### RECORDS SHOWN
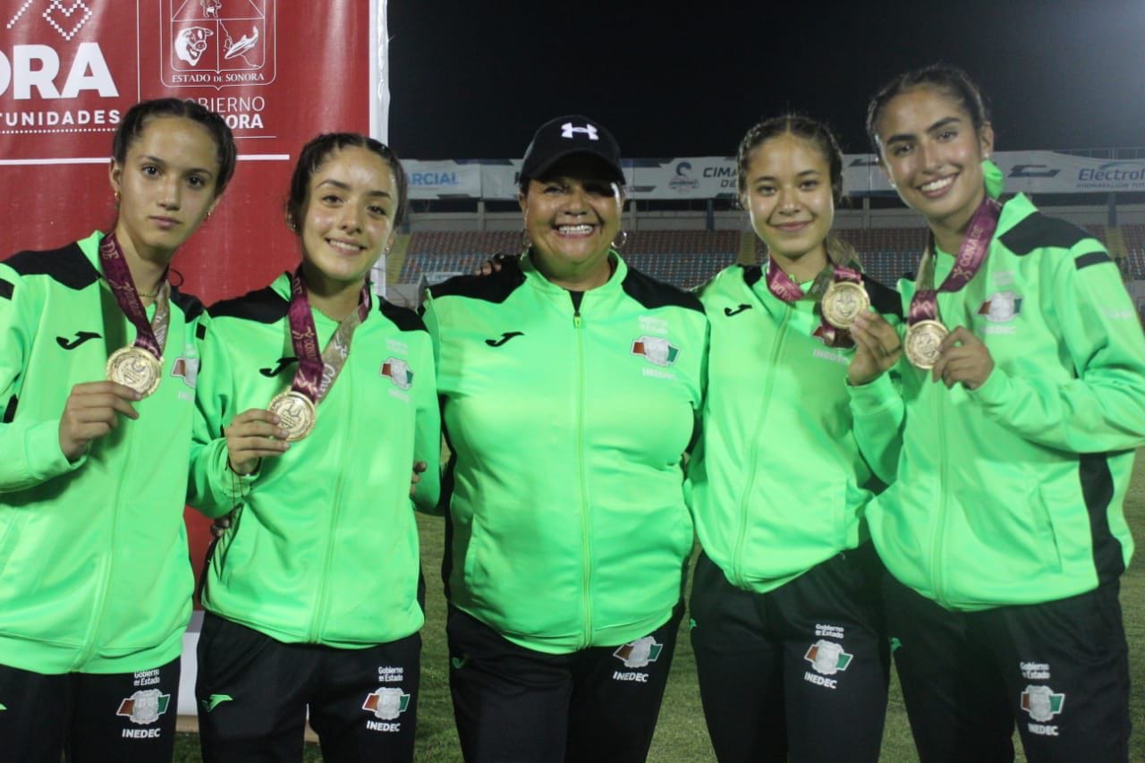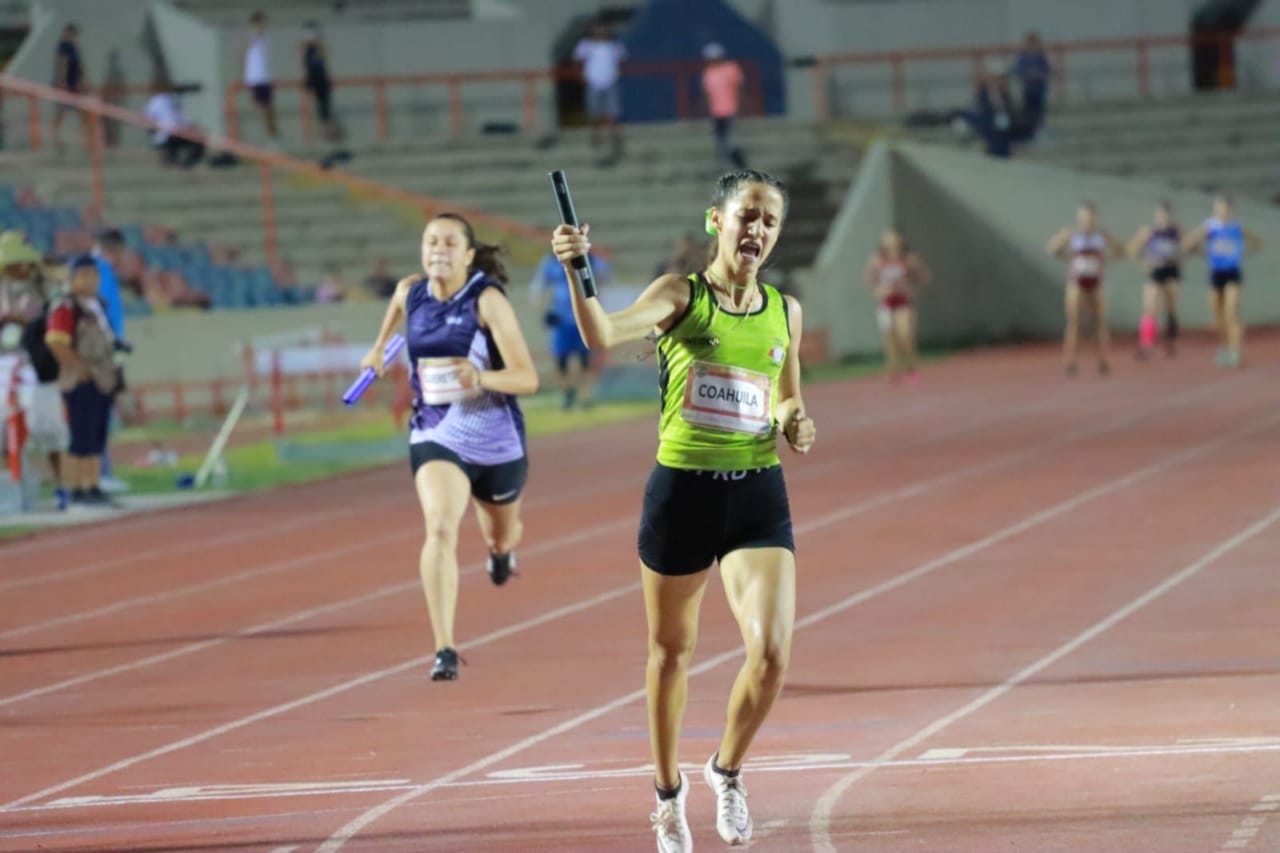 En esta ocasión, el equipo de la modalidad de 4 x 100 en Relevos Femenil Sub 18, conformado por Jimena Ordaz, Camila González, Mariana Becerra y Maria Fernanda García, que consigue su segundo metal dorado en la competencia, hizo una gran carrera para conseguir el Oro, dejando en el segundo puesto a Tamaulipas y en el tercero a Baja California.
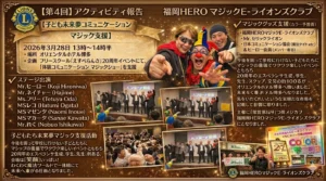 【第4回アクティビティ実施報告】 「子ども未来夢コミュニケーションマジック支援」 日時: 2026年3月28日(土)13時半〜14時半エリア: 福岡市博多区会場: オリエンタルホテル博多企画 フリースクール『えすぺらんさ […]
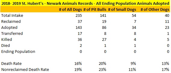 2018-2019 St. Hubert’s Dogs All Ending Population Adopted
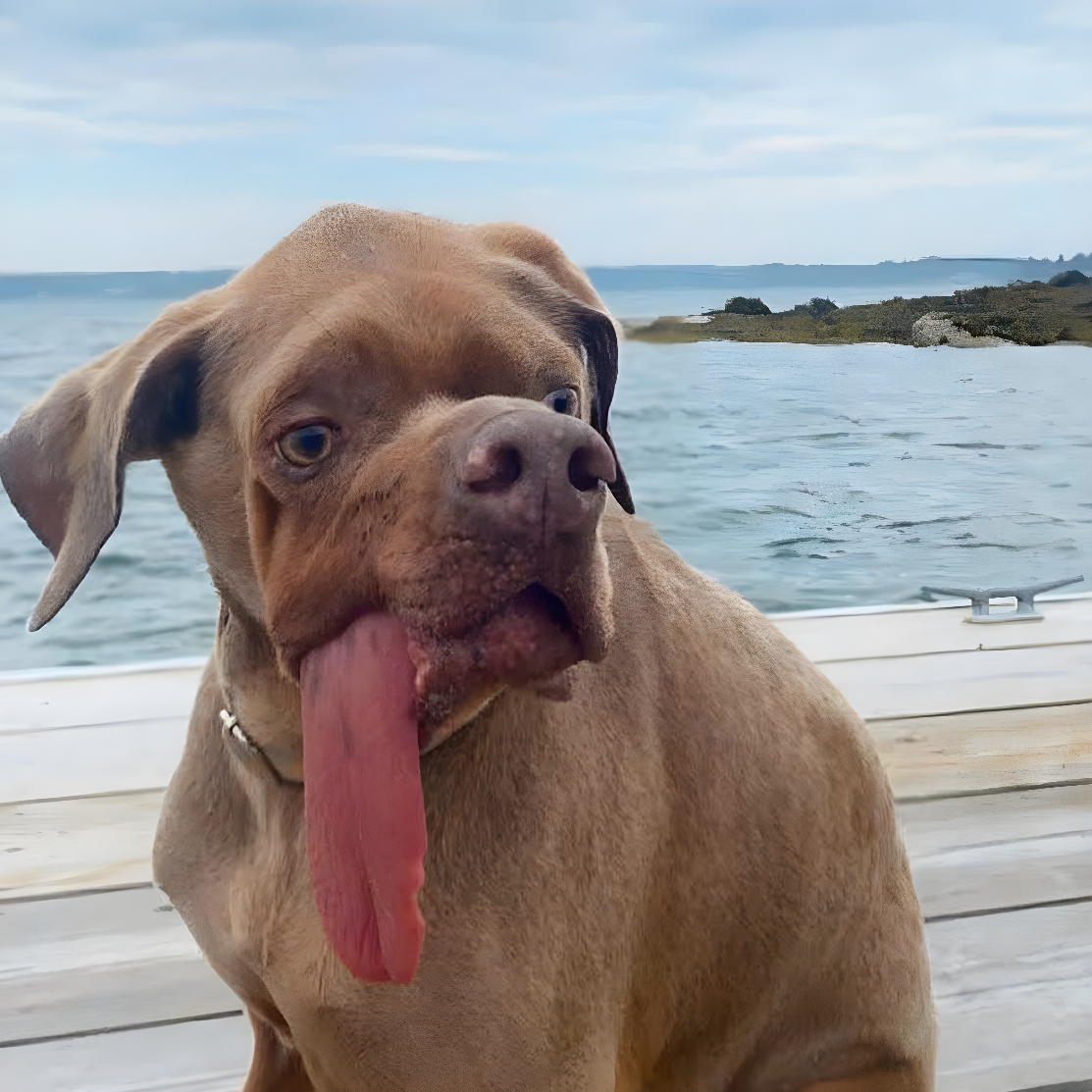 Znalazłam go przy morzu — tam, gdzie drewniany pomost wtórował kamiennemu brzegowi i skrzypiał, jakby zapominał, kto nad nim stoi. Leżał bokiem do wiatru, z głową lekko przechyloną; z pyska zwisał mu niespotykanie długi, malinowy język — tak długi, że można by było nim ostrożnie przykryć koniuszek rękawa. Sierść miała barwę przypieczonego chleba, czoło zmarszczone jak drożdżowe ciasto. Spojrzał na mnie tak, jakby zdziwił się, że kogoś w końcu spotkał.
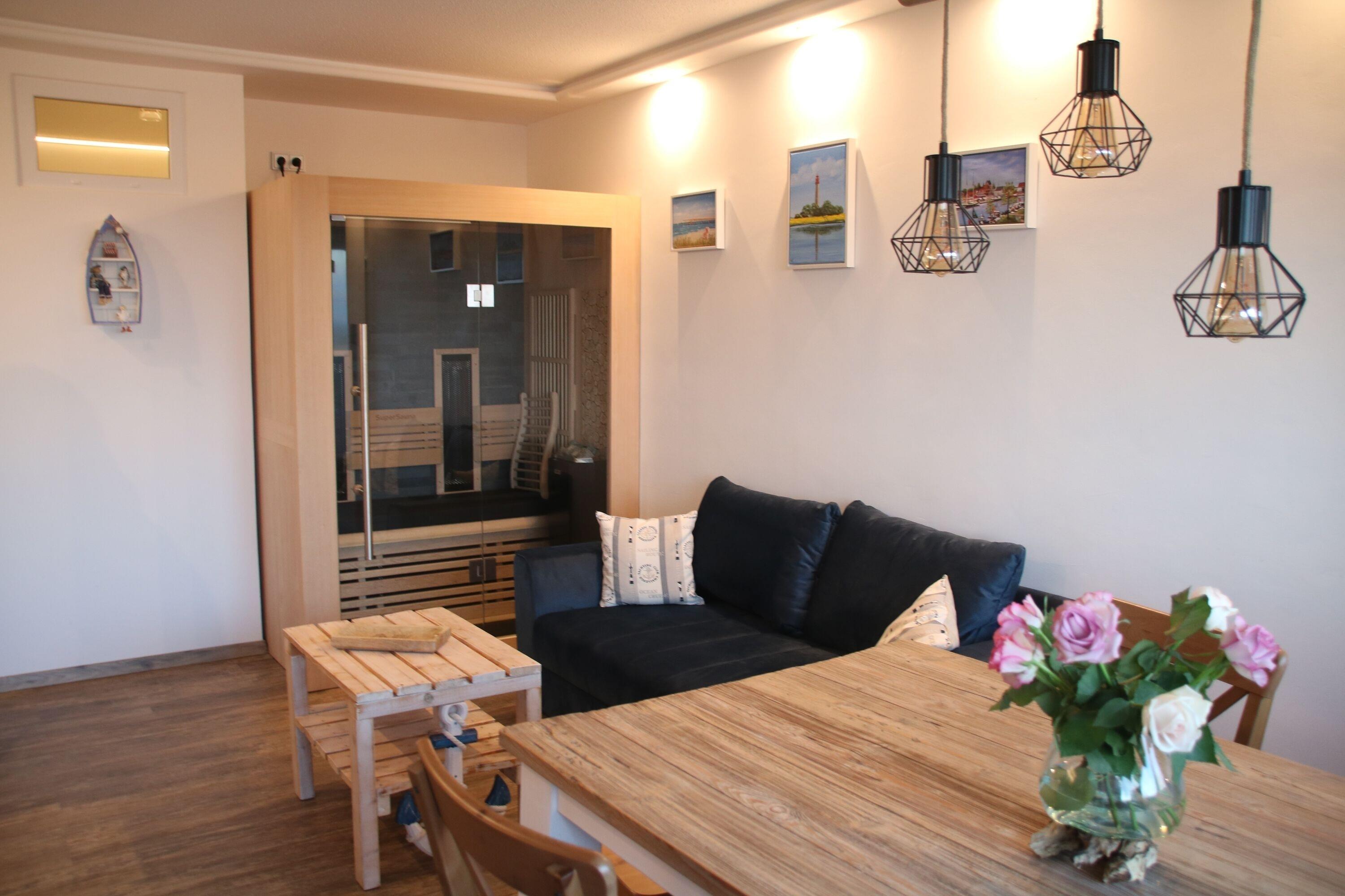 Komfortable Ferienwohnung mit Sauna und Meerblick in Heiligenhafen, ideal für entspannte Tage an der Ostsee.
==
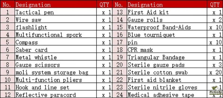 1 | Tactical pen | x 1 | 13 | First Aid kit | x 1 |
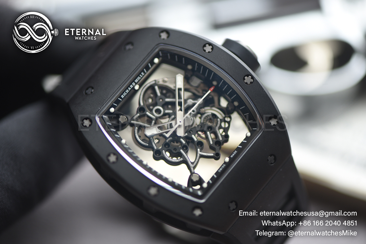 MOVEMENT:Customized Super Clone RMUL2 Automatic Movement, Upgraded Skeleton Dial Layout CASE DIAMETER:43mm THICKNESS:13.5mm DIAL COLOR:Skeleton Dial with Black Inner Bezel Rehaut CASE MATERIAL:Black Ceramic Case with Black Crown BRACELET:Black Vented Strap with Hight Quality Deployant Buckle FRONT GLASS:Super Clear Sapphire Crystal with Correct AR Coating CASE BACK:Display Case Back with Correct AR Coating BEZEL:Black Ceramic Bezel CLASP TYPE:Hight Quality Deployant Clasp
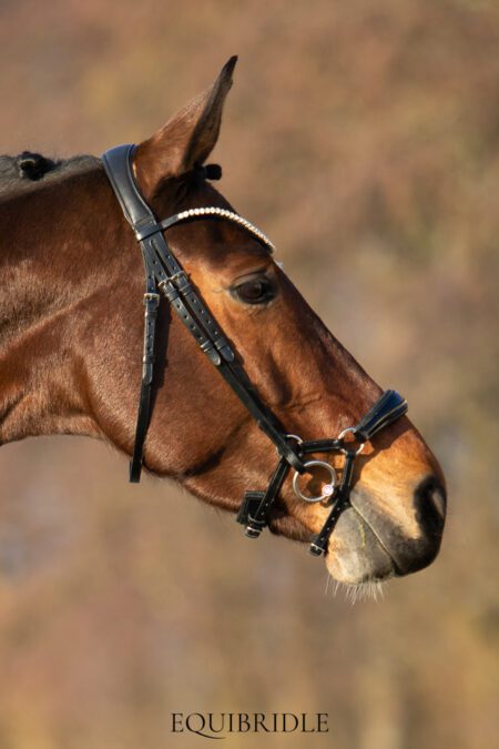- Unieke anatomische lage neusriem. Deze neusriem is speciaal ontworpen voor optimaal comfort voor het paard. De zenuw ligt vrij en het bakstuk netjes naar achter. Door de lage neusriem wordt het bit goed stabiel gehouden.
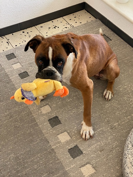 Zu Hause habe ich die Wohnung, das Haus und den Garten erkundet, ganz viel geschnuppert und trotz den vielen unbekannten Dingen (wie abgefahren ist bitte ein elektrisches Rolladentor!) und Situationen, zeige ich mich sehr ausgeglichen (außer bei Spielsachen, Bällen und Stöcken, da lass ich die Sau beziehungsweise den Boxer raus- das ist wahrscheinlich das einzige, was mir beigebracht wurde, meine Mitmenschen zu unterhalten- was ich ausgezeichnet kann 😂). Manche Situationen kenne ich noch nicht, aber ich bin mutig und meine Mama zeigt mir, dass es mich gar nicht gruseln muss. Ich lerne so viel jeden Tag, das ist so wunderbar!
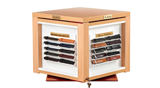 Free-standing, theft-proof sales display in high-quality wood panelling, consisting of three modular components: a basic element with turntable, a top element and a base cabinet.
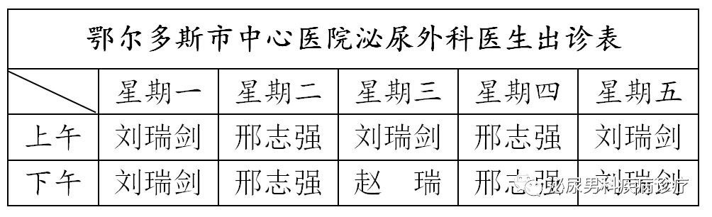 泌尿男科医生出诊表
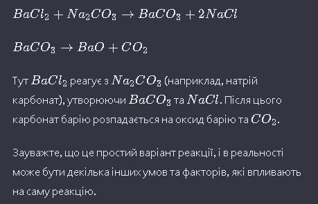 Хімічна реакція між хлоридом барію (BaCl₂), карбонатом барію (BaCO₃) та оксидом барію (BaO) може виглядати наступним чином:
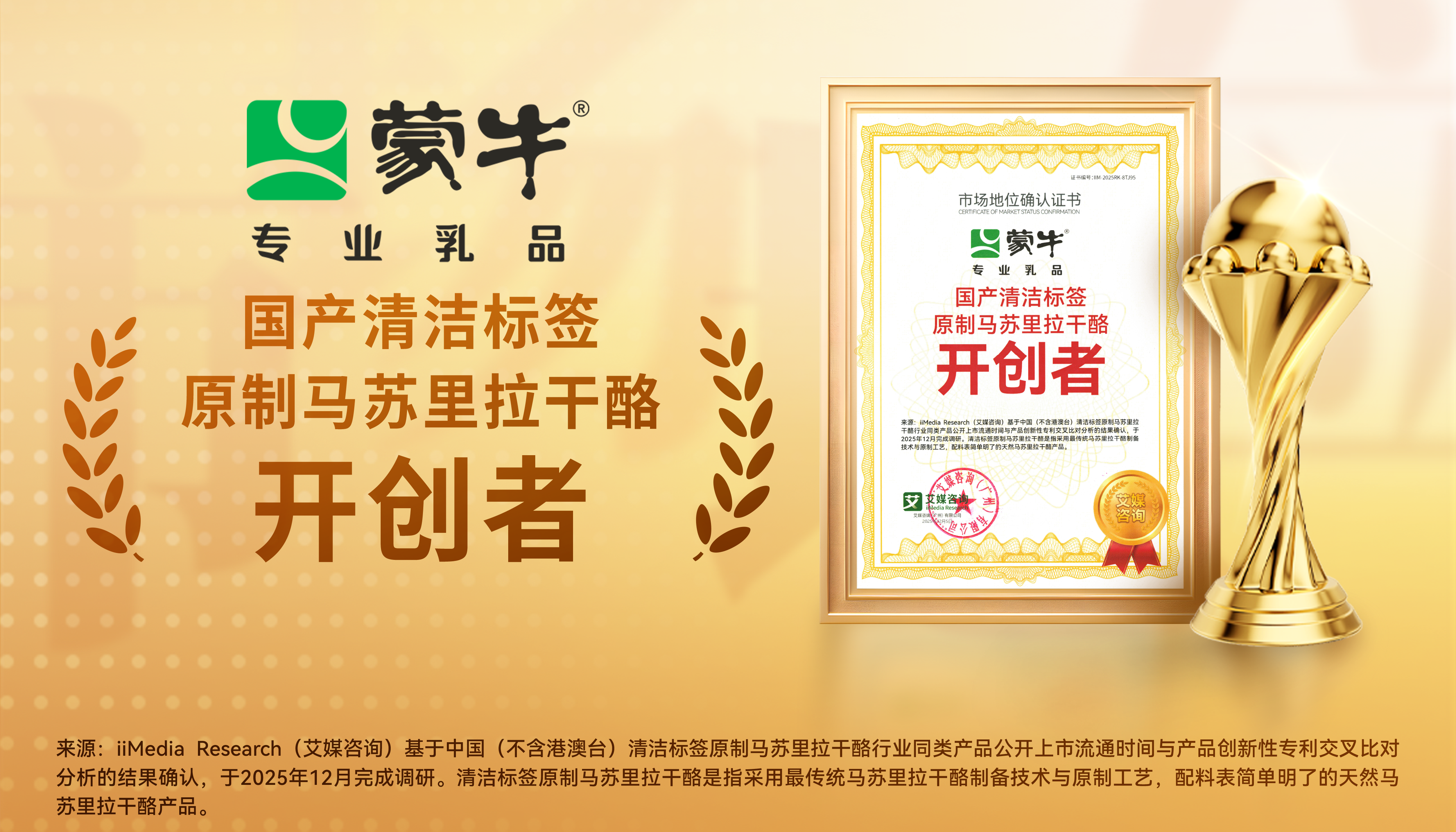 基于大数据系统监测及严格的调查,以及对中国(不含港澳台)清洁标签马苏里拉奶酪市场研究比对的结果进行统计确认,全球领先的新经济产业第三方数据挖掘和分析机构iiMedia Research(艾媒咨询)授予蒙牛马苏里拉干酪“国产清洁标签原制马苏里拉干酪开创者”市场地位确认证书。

### WHAT IS EXPECTED
The answer is the lines above from the one with "En esta ocasión, el" to the one with "2018-2019 St. Hubert’s", set down exactly, with no pictures.

### YOUR SOLUTION
 En esta ocasión, el equipo de la modalidad de 4 x 100 en Relevos Femenil Sub 18, conformado por Jimena Ordaz, Camila González, Mariana Becerra y Maria Fernanda García, que consigue su segundo metal dorado en la competencia, hizo una gran carrera para conseguir el Oro, dejando en el segundo puesto a Tamaulipas y en el tercero a Baja California.
 【第4回アクティビティ実施報告】 「子ども未来夢コミュニケーションマジック支援」 日時: 2026年3月28日(土)13時半〜14時半エリア: 福岡市博多区会場: オリエンタルホテル博多企画 フリースクール『えすぺらんさ […]
 2018-2019 St. Hubert’s Dogs All Ending Population Adopted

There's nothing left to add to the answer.